Data Operation options

These options allow you to do the following:

  • First matched item - Sitebulb will extract the first content item it finds that matches the selector.
  • First 5 matched itemsSitebulb will extract the first 5 content items it finds that match the selector.
  • Last matched itemSitebulb will extract the final content item it finds that matches the selector.
  • All matched itemsSitebulb will extract every single content item it finds that match the selector.
  • Count of matched items - Sitebulb will count all the items it finds that match the selector and return the count as a number.
  • Text character count - Sitebulb will count the number of characters in text content it finds. Note: this only works when 'Text' is selected as the Type of Data option (see below).
  • Check if exists - Sitebulb will check if the selected element exists or not, on every page it crawls.

See how adjusting the CSS selector and the operation option can affect the data you extract:

Changing operation on Sitebulb

Type of Data dropdown

By default, Sitebulb will extract a data type of 'Text', as this is most often the type of data that users are after.

By using this dropdown, however, you are able to select different options for more specific use-cases.

Data Options Dropdown

Consider a typical ecommerce store, where you might wish to extract the price from each product page. By selecting 'Decimal' from the dropdown, you can specify to collect the data in the format which is most useful to you.

Extract Price

Similarly, you can instruct Sitebulb you just pick out the number from the selected element.

Extract product number

This range of extraction options allow to collect virtually any datapoint on virtually any website. By tweaking the method of extraction, operation or data type options - and constantly testing the setup - you can set Sitebulb up to collect data exactly as you want it to.

URL matching

By default, Sitebulb will perform the content extraction on every single page on the website. This means you are asking Sitebulb to do more work in terms of processing, and it means more data will be stored on your hard drive once the audit data has been collected.

For most websites - for instance a typical 10,000 page site - there is no issue with this, as the size and scale of the additional resource requirements is negligible.
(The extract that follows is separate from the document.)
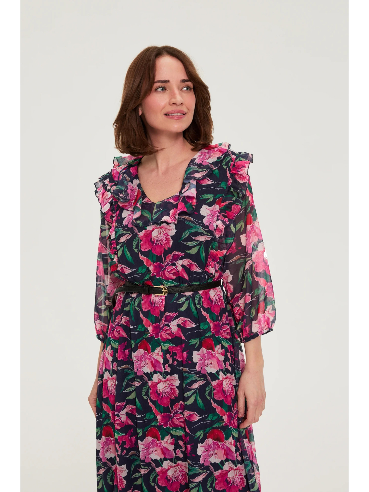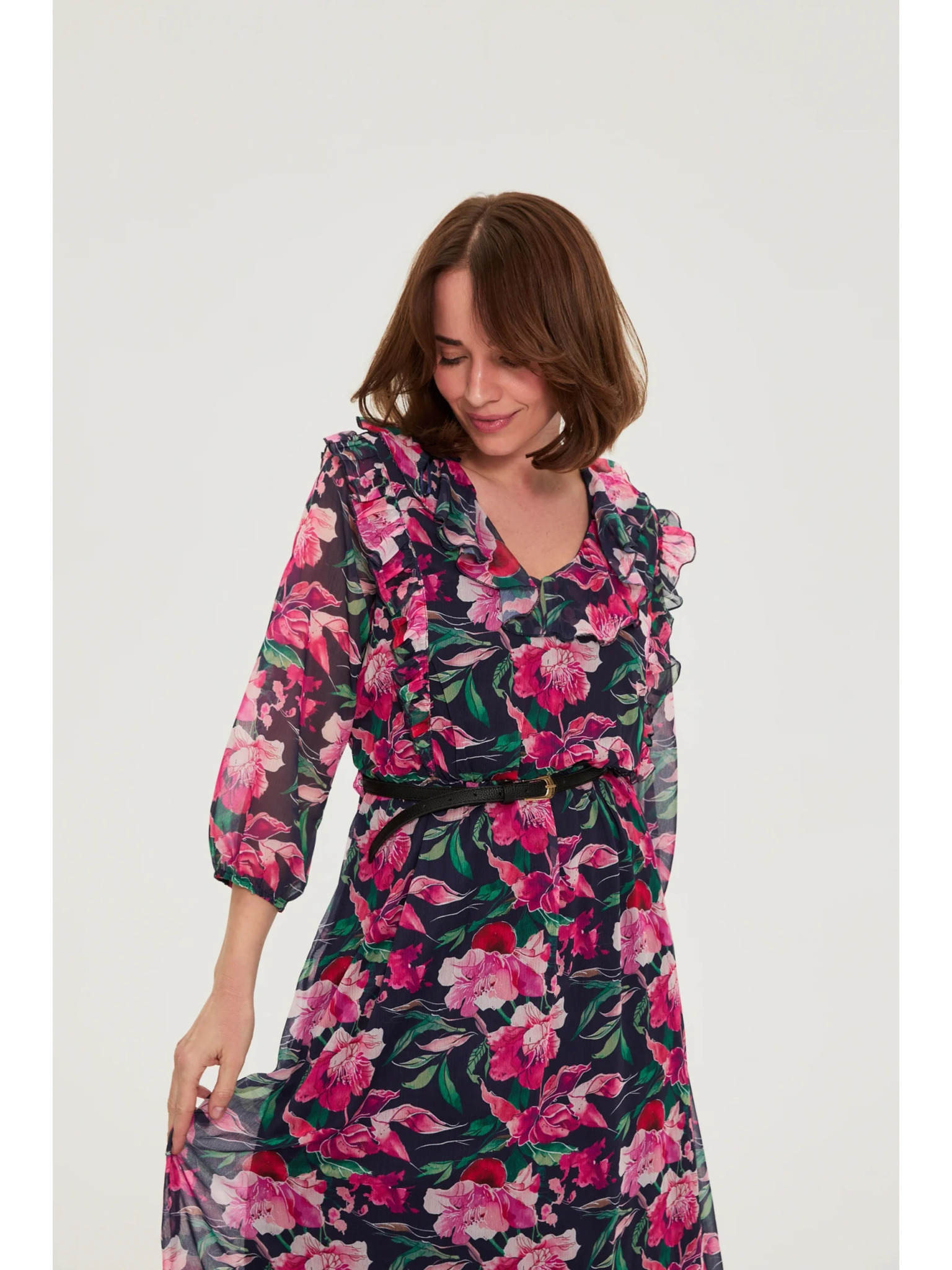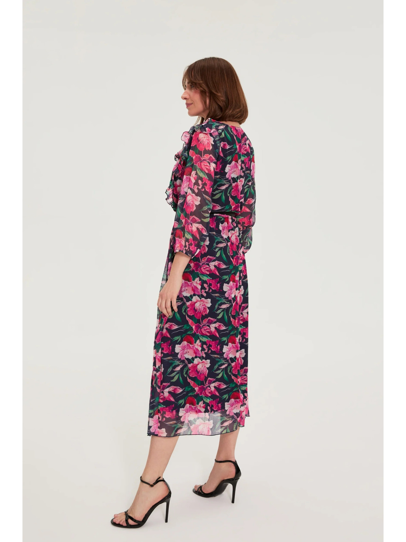 Tmavo modré midi šaty s kvetmi Moodo

However, Sitebulb can handle websites with millions of pages, and at this sort of scale you might want to look at reducing the amount of processing work Sitebulb has do while crawling, and perhaps more pertinently - how much space the audit will take up on your hard drive when it is done.

This is what the URLs tab is for. You can enter inclusion or exclusion patterns so that Sitebulb will only perform the content extraction on specific pages.

Adding exclusion patterns

Let's assume we wanted to extract breadcrumb data on pages from our website, but we don't want to perform the search on any of our /documentation/ pages (such as this very URL), we would enter the /documentation/ path with a minus (-) sign ahead of it:

  • -/documentation/

Excluding URLs

In the results, the /documentation/ pages simply do not appear, so the only pages with breadcrumbs that remain are our /hints/ pages:

Content extraction exclusion

Adding inclusion patterns

We could also do this a different way, by using inclusion patterns instead. If we know that we only have breadcrumbs on /documentation/ pages and /hints/ pages, but only want to look at the /hints/ ones, we can add an inclusion pattern by entering the folder WITHOUT a minus sign:

  • /hints/

Inclusion URL pattern

The results for this one show how we are able to isolate the pages we are actually interested in, and only perform the extraction on those pages.
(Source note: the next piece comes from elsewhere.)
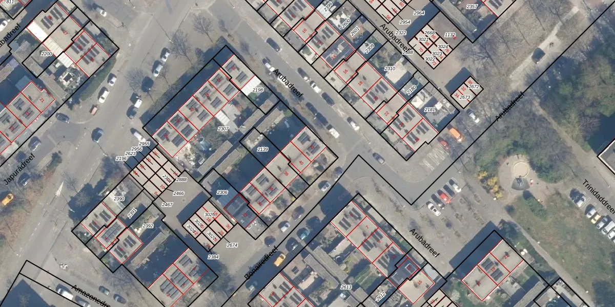 Het perceel waarop Bonairedreef 42 staat heeft een oppervlakte van 1460 m². Dit is een zeer groot perceel. De perceeloppervlakte wordt geregistreerd door het Kadaster. Gedetailleerde informatie over de maten van dit perceel kunt u vinden in het rapport Kadastrale kaart met maatvoering van Bonairedreef 42.

The URL matching works for either the basic or advanced configuration, and can be defined differently for every rule you add - so you can get super specific in your setup.
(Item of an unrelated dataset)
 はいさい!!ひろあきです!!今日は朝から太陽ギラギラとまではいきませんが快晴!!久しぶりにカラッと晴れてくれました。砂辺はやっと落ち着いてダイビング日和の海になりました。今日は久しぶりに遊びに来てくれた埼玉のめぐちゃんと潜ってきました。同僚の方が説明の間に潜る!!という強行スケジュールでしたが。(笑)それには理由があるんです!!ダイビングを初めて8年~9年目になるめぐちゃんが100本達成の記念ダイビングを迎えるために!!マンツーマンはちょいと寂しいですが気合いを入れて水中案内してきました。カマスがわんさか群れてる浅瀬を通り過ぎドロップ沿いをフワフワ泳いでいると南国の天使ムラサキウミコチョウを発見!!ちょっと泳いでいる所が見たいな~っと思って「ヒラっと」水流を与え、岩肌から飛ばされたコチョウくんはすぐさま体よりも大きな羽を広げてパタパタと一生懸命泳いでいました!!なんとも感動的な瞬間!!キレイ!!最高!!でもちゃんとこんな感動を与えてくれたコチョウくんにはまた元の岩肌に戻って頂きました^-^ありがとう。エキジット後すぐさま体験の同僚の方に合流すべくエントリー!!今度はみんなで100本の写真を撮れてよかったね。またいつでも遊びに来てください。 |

Final caveat - crawl with Chrome when necessary

The final thing to point out is that on some sites, content is loaded in via JavaScript, which means it is not possible to view this content when you do 'View Source.' If this is the case on the website you are crawling, you need to ensure you switch to the Chrome Crawler on the audit settings.

Select Chrome Crawler

This means that Sitebulb will render the JavaScript before performing the content extraction.